L’objection de Billeter peut aussi se comprendre dans une autre perspective, c’est-à-dire qu’avant la lecture de deux textes, il est nécessaire que ceux-ci présupposent un objet identique qui constitue ce fondement commun à partir duquel puisse apparaître la différence. Mais c’est là la première réponse que nous pouvons donner à la question de la comparabilité des deux cultures. Déjà, la Chine et l’Europe se sont originellement développées à partir d’époques différentes. Un fond commun proprement dit n’existe pas entre elles. Non seulement la séparation géographique et historique, mais aussi les systèmes linguistiques différents, ont fait que les notions correspondantes entre l’Est et l’Ouest n’existent pas. Au lieu de chercher un fond du commun, il faut admettre un fond de l’altérité. François Jullien a raison de considérer la Chine comme une « extériorité », non pas comme une « altérité », pour lui, la première se constate par trois aspects qui sont la géographie, l’histoire et la langue, la deuxième est à construire.

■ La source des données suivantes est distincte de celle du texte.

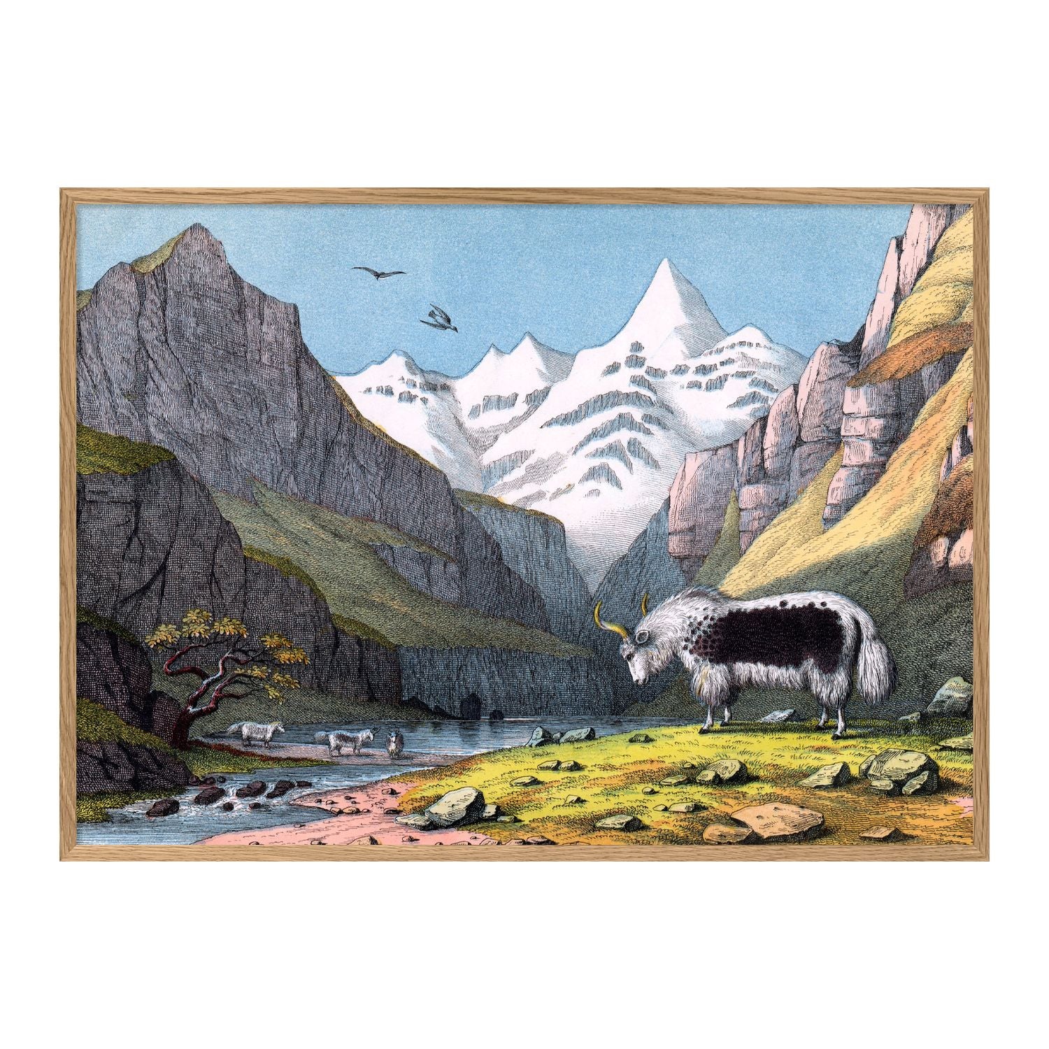 This high-quality art print showcases a yak against an oak frame. Printed with Japanese ink on a matte paper, this stylish piece is perfect for adding a contemporary touch to any space. Its striking animal feature makes it a great conversation starter.

Prenons l’exemple du temps, on va voir dans les analyses suivantes que ce concept n’existe pas dans la pensée chinoise selon F. Jullien, celle-ci ne parle que de la saison ou de la durée ; c’est la même chose pour la pitié, on ne sait pas si la réaction spontanée de sauver un enfant qui est sur le point de tomber dans un puits chez Mencius correspond à la définition rousseauiste de la pitié, on ne peut dire qu’elles sont semblables, l’essentiel du travail de Jullien est d’essayer de trouver dans chaque domaine deux notions dans les deux cultures « indifférentes » l’une à l’autre qui se rapprochent, se ressemblent, pour qu’elles constituent un couple possible à comparer, car une même notion n’existe absolument pas.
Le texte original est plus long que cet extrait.